Site-specific chronological modeling and synchronization

Created on 10.4.2024

Table of Contents
  1. About SiteSyncro
  2. Installation
  3. Usage
  4. Developer Notes
  5. Contact
  6. Acknowledgements
  7. License

About SiteSyncro

SiteSyncro is a Python-based tool designed for site-specific chronological modeling and synchronization based on radiocarbon dates from stratigraphically and/or spatially linked archaeological contexts. It uses the OxCal program for bayesian modelling and a method of temporal clustering of the modelled C-14 dates to determine whether they represent separate events, or phases in time.

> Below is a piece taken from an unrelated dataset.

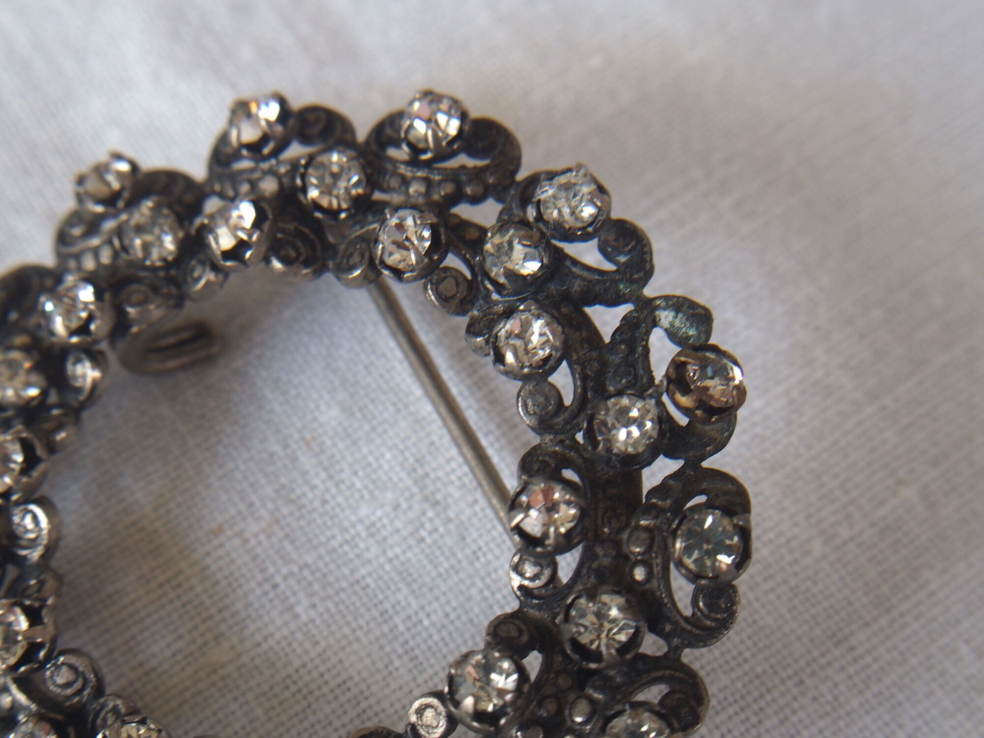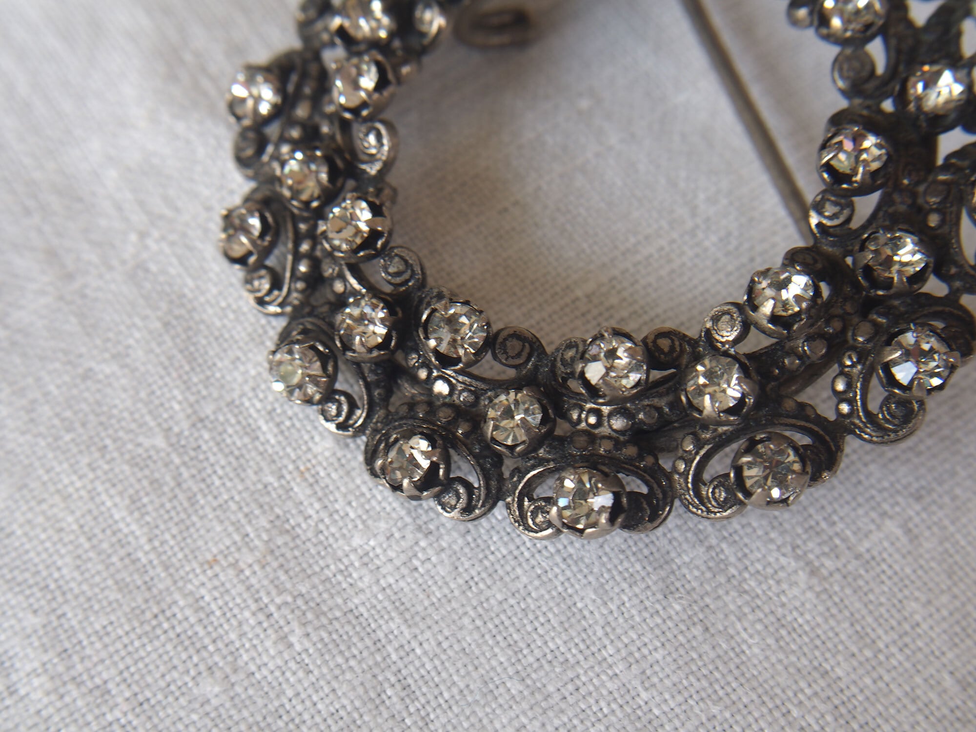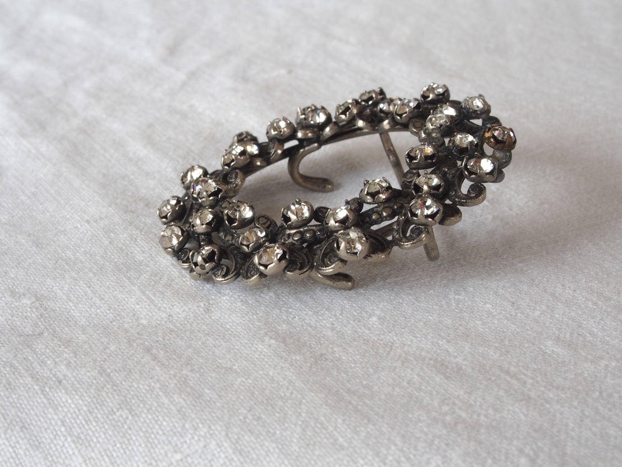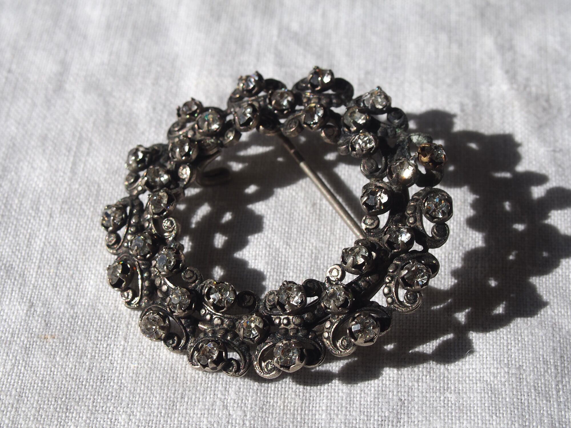 ヨーロッパのアンティーク市にて入手、1925〜1935頃。アンティークの円形ラインストーンのベルトバックル、またはシューズ用バックル、またはブローチです。リースのような円形デザインに、小さなラインストーンが多数セットされています。透かしのスクロール装飾が美しく、20世紀初頭のエレガントなスタイルを感じさせるデザインです。石の欠損はないようです。アンティーク品のため、経年による風合いがあります。状態は写真をご確認ください。

The input data represent radiocarbon dates and their stratigraphic relations. Here is a brief overview of the processing workflow:

  1. Bayesian modeling of distributions of the C-14 dates based on stratigraphic constrains using the OxCal program.
  2. Randomization testing of the null hypothesis that the observed C-14 dates represent a normal / uniform distribution
  3. Temporal clustering of the modelled C-14 dates. All possible clusterings are produced and tested for randomness. The optimal number of clusters is selected for further analyses.
  4. Updating of the bayesian model phasing based on the temporal clustering.

For a detailed overview of the clustering method see:

Demján, P., & Pavúk, P. (2021). CLUSTERING OF CALIBRATED RADIOCARBON DATES: SITE-SPECIFIC CHRONOLOGICAL SEQUENCES IDENTIFIED BY DENSE RADIOCARBON SAMPLING. Radiocarbon, 63(2), 429-438. doi:10.1017/RDC.2020.129

Installation

SiteSyncro requires OxCal to be installed in its default location. The OxCal program is used for bayesian modeling of the radiocarbon dates. The OxCal program is not included in the SiteSyncro package and must be installed separately. OxCal should be downloaded and installed automatically when running SiteSyncro for the first time. You can also download OxCal manually from the OxCal website and unzip it in the SiteSyncro folder.

For Windows users, an executable version of SiteSyncro is available. You can download the sitesyncro.exe file from the latest release on GitHub. After downloading, you can run SiteSyncro directly without needing to install Python or any dependencies.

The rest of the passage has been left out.